Ontennaは、髪の毛や耳たぶ、えり元や袖口などに取り付けて、“光や振動”により音を感じとるデバイス。60~90dBの音を256段階の振動と光に変換することで、音のリズムやパターン、大きさを知覚できる。本体マイクがキャッチする音に反応するシンプルモードと、コントローラーのマイクやボタンで、複数のデバイスを同時制御するスマートモードを備える。
スポーツ観戦や音楽イベントなどで活用されており、ろう者(音声の聞き取りが困難な人)に限らず、聴者にとっても臨場感や一体感を生み出す新しいユーザーインターフェイスを提案する。デフリンピックでは、卓球やハンマー投げの観戦においても体験できる。
Ontenna(Webサイト)
エキマトペは、駅にあふれるさまざまな音を、文字や手話、オノマトペのアニメーションで表示する装置だ。AIを用いて、電車の発着音やドアの開閉音といった環境音、アナウンス音などを識別する。
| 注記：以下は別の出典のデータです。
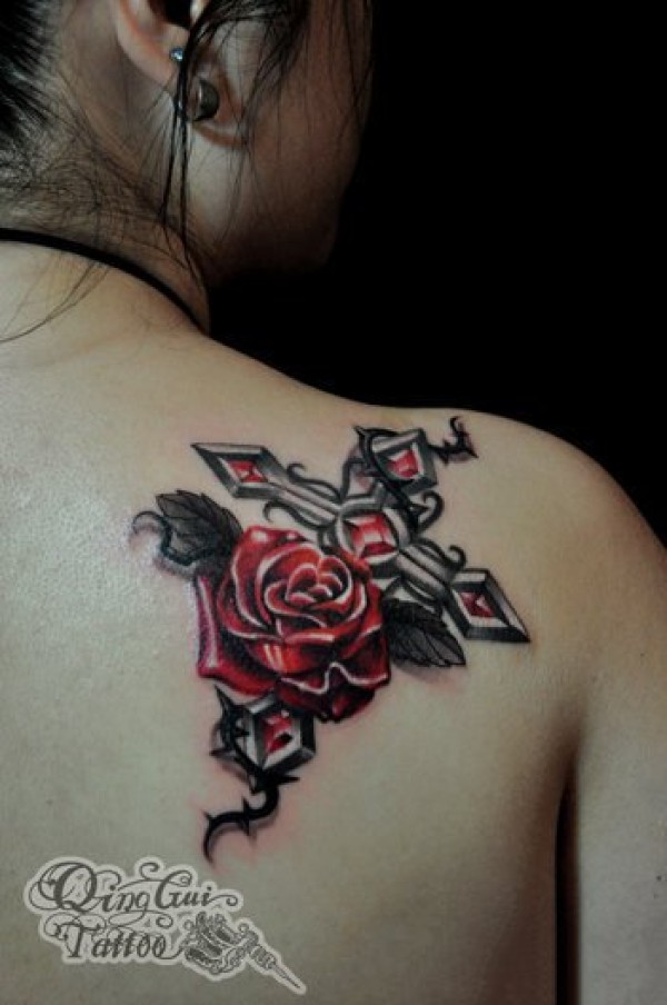 一款很立体的彩色十字架纹身图案_十字架纹身图案大全_纹身图吧

これまで実際の駅ホームにも設置され、2025年3月の上野駅での実証実験では、デフリンピックに向け英語のアナウンスを国際手話で表現する機能も実装した。
今後は、実証実験で得られた知見を基に、具体的な社会実装を検討していくという。
エキマトペ(Webサイト)
ろう者も一緒に演奏できるインクルーシブな打楽器
ソニーグループが出展したのが、PlayStation 5(PS5)の「アクセシビリティ機能」と、ろう者と聴者が合奏できる「ハグドラム」と「ハンドルドラム」だ。
さまざまなアクセシビリティ機能を備えるPS5で、2025年4月に追加されたのが「オーディオフォーカス機能」である。これは、ユーザーに合わせて音を聞き取りやすく調整する機能で、「低音」「声(中音)」「高音」「小さな音」の音域を強調できる。強弱や左右別で調整することも可能だ。
ゲーム機としては初めての実装となり、「細かい設定まではできないため、難聴者手前の人に、よりゲームを楽しんでもらうための機能」だという。
オーディオフォーカス機能(参考サイト)
インクルーシブな打楽器として生まれたのがハグドラムとハンドルドラムである。叩いた音を光と振動に変換し、それらが対となる2つの打楽器で連動する。ろう者と聴者が、互いのリズムを感じ取りながら合奏できる打楽器だ。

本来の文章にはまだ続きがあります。